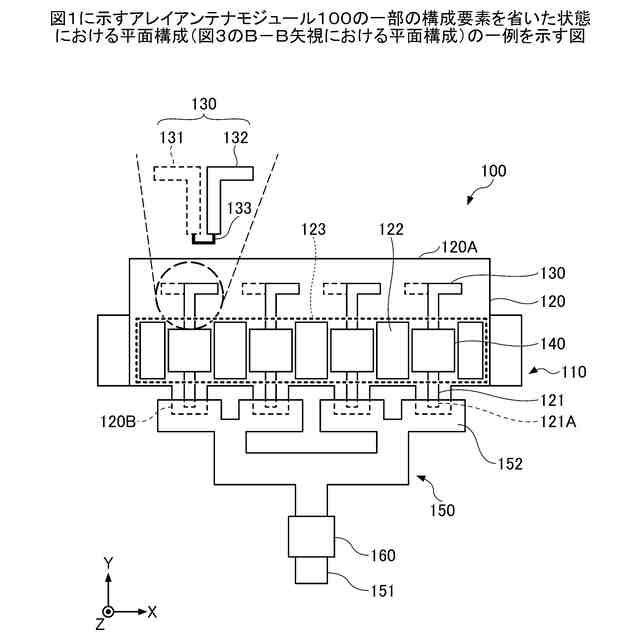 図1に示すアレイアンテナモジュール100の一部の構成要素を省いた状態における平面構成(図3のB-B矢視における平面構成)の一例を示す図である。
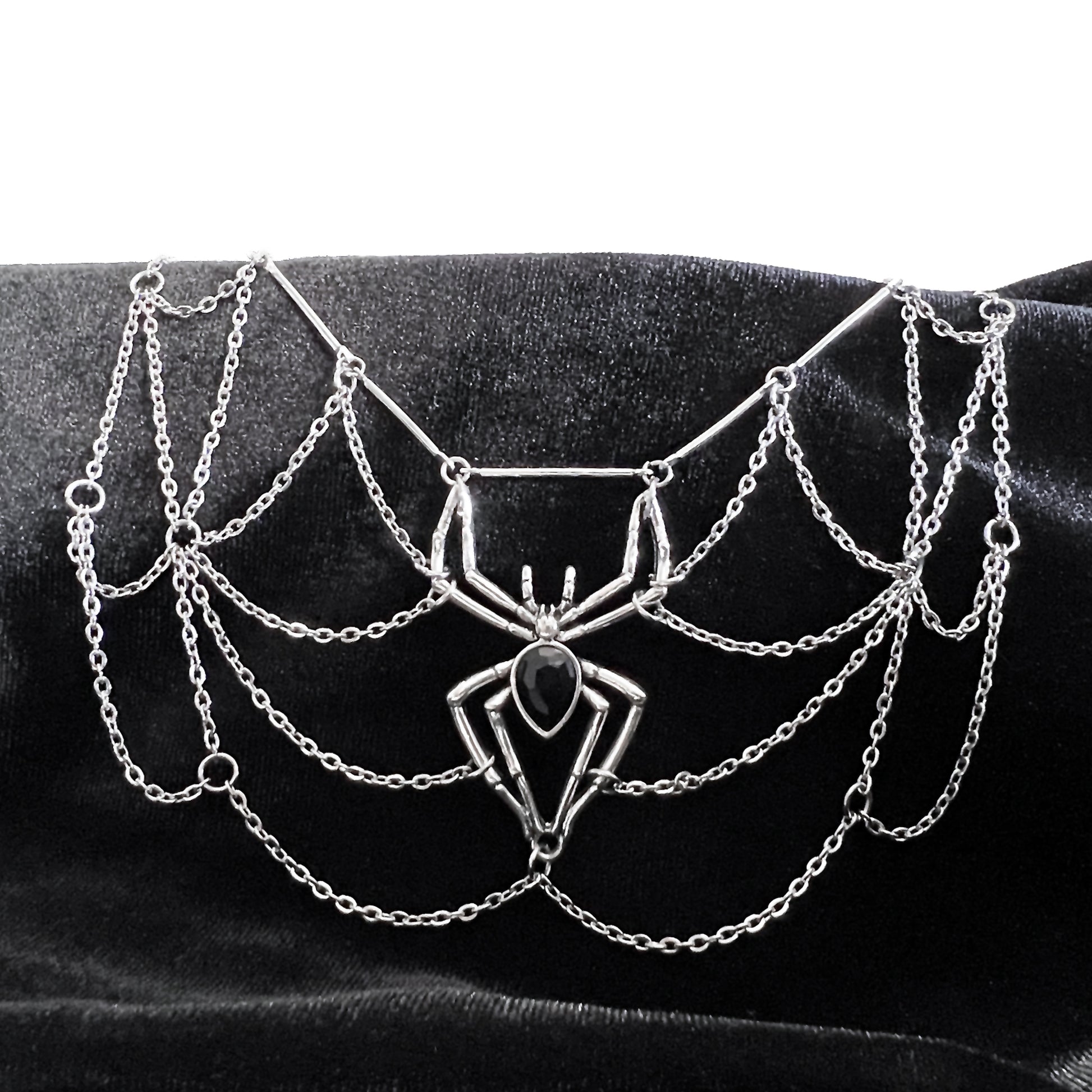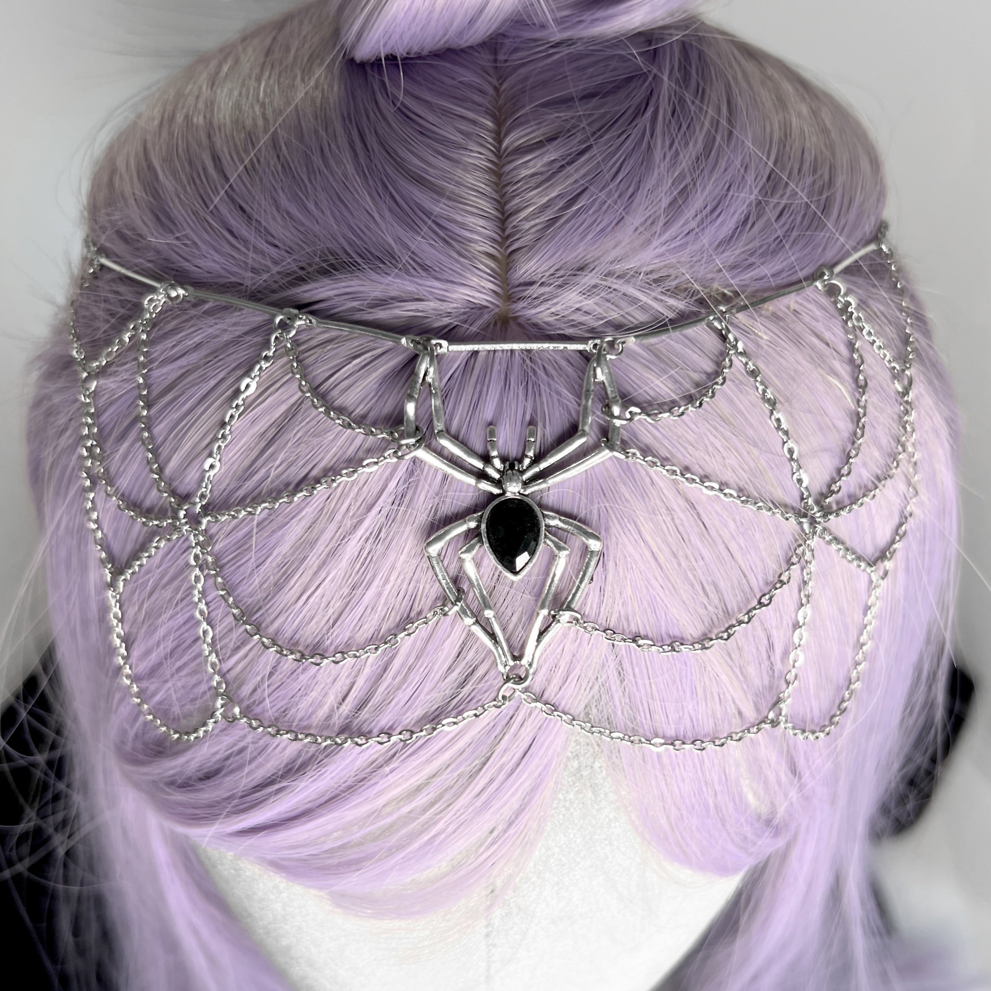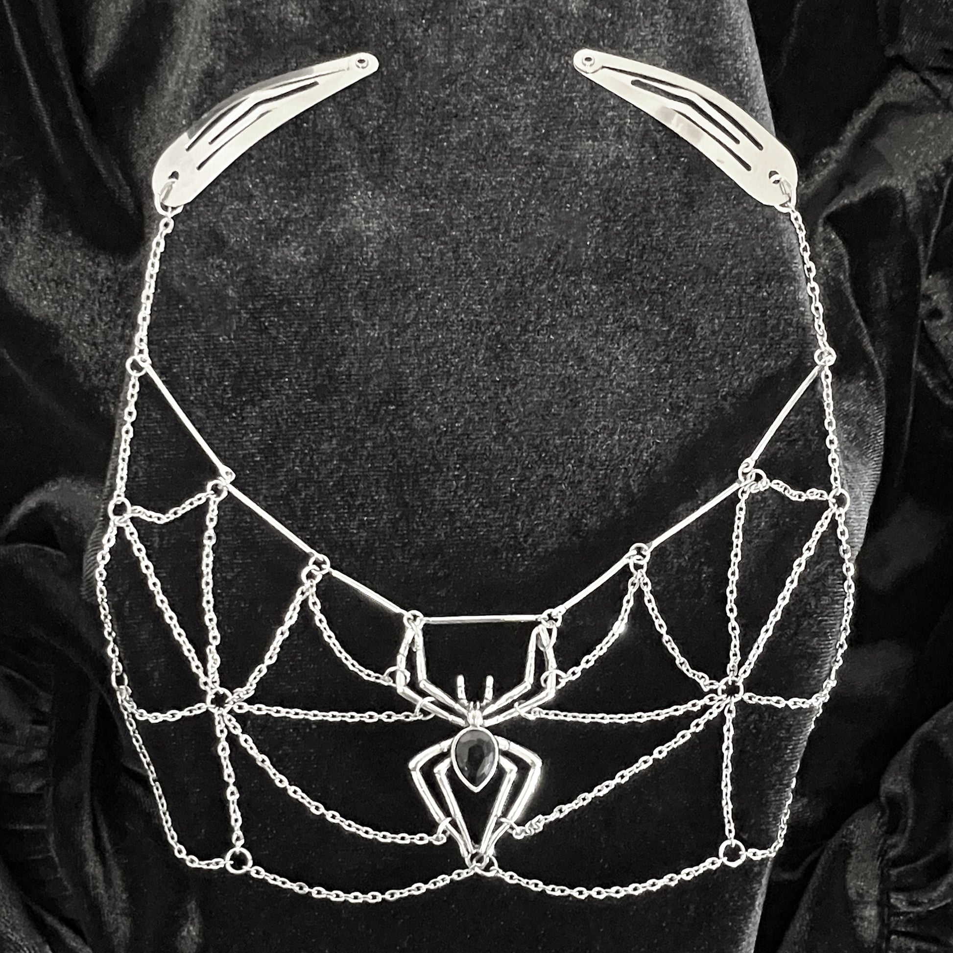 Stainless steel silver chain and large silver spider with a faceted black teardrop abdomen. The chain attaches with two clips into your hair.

--

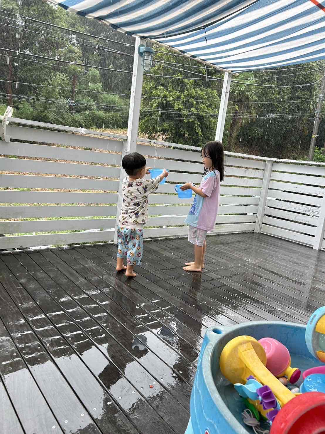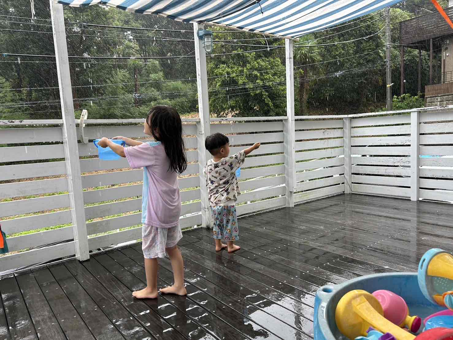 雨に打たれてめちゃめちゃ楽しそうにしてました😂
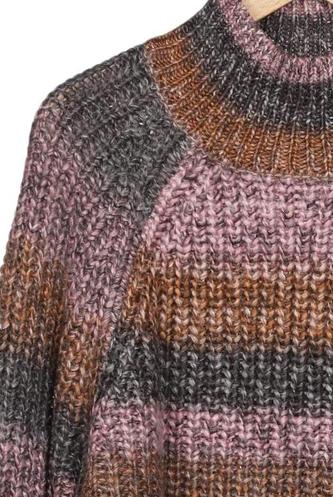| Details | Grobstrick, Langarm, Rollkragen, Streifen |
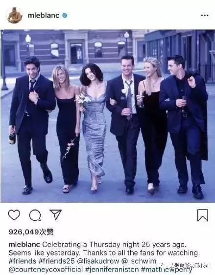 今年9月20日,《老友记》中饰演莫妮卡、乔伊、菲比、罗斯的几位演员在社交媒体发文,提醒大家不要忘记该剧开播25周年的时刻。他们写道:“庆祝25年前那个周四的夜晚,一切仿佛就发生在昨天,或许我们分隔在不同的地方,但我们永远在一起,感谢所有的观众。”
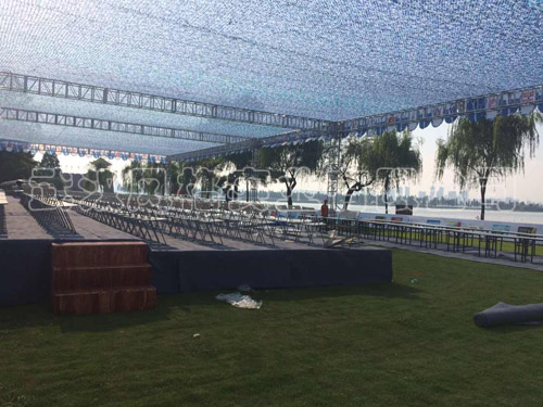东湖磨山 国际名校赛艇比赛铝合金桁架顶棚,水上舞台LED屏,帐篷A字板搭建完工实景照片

#### Goal of the exercise
When copying from the data above, print only the lines from the line containing "今年9月20日,《老友记》中" to the line containing "东湖磨山 国际名校赛艇比赛铝", exactly, and leave the pictures out.

#### The answer
 今年9月20日,《老友记》中饰演莫妮卡、乔伊、菲比、罗斯的几位演员在社交媒体发文,提醒大家不要忘记该剧开播25周年的时刻。他们写道:“庆祝25年前那个周四的夜晚,一切仿佛就发生在昨天,或许我们分隔在不同的地方,但我们永远在一起,感谢所有的观众。”
东湖磨山 国际名校赛艇比赛铝合金桁架顶棚,水上舞台LED屏,帐篷A字板搭建完工实景照片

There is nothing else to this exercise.